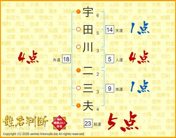 宇(6画)田(5画)川(3画) 二(2画)三(3画)夫(4画)
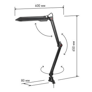 Светильник предназначен для использования с энергосберегающей лампой, лампа входит к комплект. Удобное крепление на струбцину к любой плоской поверхности. Высота плафона регулируется двухсекционной сгибающейся стойкой. |
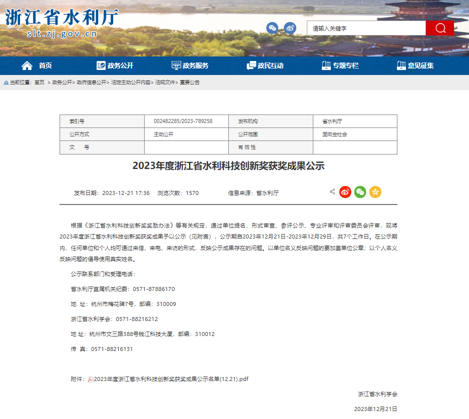 喜報 | 我院3項成果榮獲2023年度浙江省水利科技創新獎!
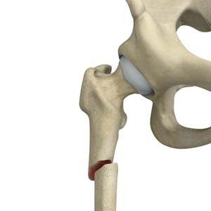 Stress fractures of the hip are a break in the upper part of the thigh bone (femur) that fits into the socket of the hip joint. It can occur in any part of the hip, however, it mostly occurs just below the ball of the ball-and-socket hip joint called the femoral neck.

____________

» Work instructions
Everything in the material except the pictures should be output verbatim.

» Exercise response
 宇(6画)田(5画)川(3画) 二(2画)三(3画)夫(4画)
 Светильник предназначен для использования с энергосберегающей лампой, лампа входит к комплект. Удобное крепление на струбцину к любой плоской поверхности. Высота плафона регулируется двухсекционной сгибающейся стойкой. |
 喜報 | 我院3項成果榮獲2023年度浙江省水利科技創新獎!
 Stress fractures of the hip are a break in the upper part of the thigh bone (femur) that fits into the socket of the hip joint. It can occur in any part of the hip, however, it mostly occurs just below the ball of the ball-and-socket hip joint called the femoral neck.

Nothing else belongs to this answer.